▶ [Records supplied]:
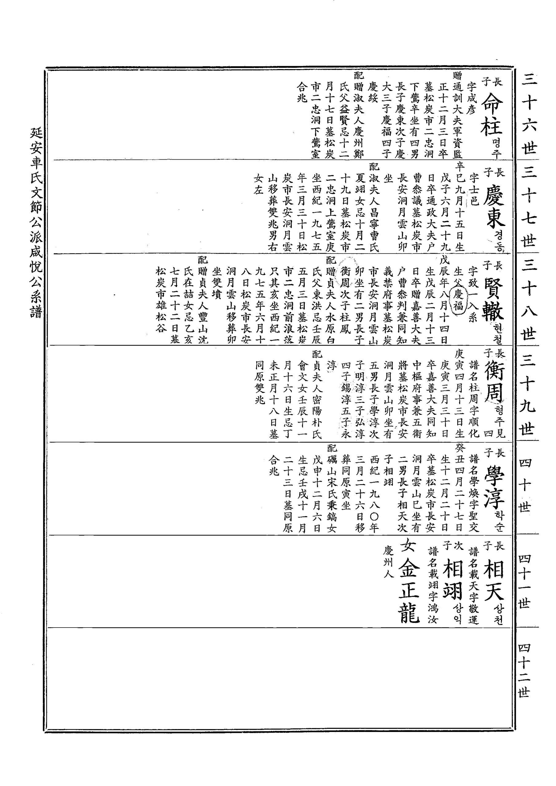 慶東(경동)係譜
---
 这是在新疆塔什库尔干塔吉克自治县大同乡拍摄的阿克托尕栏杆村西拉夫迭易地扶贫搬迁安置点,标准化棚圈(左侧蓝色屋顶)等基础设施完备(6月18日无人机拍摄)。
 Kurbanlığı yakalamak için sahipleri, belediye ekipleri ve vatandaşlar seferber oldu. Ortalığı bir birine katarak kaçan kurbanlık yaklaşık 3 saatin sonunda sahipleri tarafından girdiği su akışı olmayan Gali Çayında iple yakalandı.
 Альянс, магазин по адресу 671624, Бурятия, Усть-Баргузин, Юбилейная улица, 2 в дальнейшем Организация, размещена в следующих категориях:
--
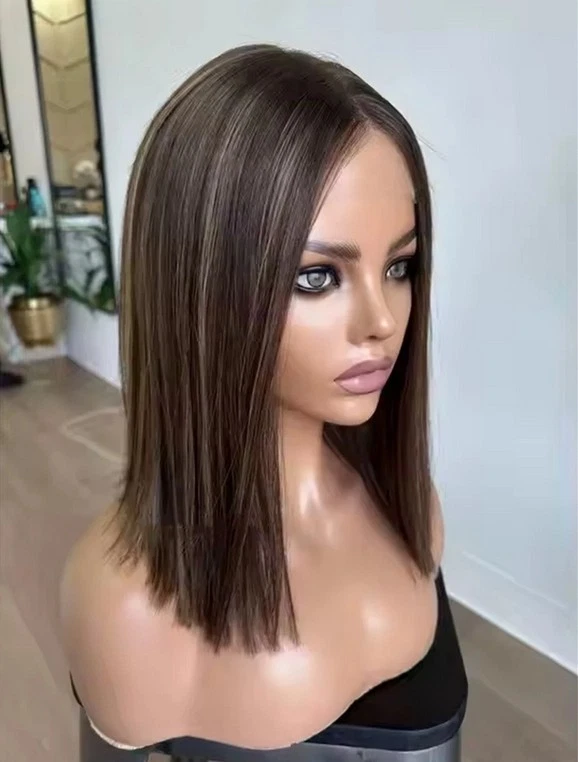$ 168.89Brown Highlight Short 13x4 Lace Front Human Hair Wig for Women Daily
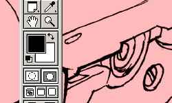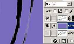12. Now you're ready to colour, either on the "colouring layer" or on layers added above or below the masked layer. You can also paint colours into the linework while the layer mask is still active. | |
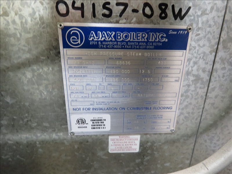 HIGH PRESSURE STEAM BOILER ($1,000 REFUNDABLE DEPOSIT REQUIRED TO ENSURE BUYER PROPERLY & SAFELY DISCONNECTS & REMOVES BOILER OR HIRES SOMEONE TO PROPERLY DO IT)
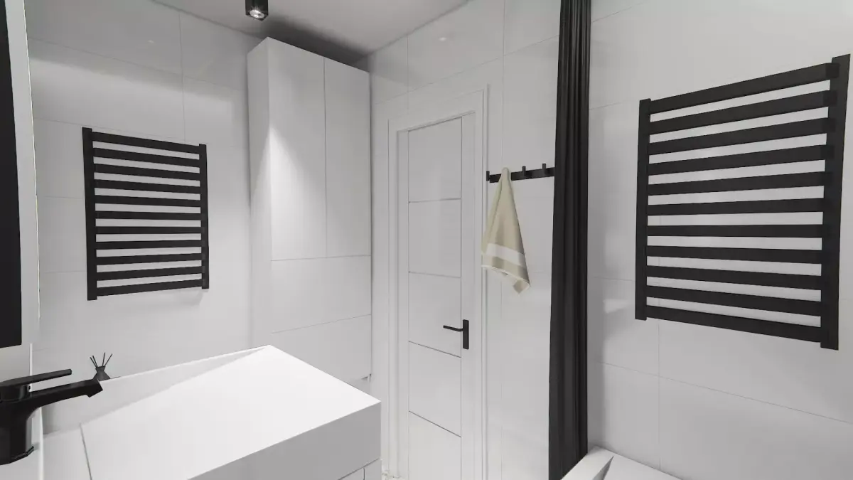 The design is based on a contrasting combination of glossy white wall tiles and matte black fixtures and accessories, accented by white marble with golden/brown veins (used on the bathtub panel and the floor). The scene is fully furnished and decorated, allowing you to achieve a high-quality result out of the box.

▶ [Your objective]:
Reproduce the entries above exactly, but only the lines between the line holding "这是在新疆塔什库尔干塔吉克自" and the line holding "Kurbanlığı yakalamak için", inclusive.

▶ [Answer box]:
 这是在新疆塔什库尔干塔吉克自治县大同乡拍摄的阿克托尕栏杆村西拉夫迭易地扶贫搬迁安置点,标准化棚圈(左侧蓝色屋顶)等基础设施完备(6月18日无人机拍摄)。
 Kurbanlığı yakalamak için sahipleri, belediye ekipleri ve vatandaşlar seferber oldu. Ortalığı bir birine katarak kaçan kurbanlık yaklaşık 3 saatin sonunda sahipleri tarafından girdiği su akışı olmayan Gali Çayında iple yakalandı.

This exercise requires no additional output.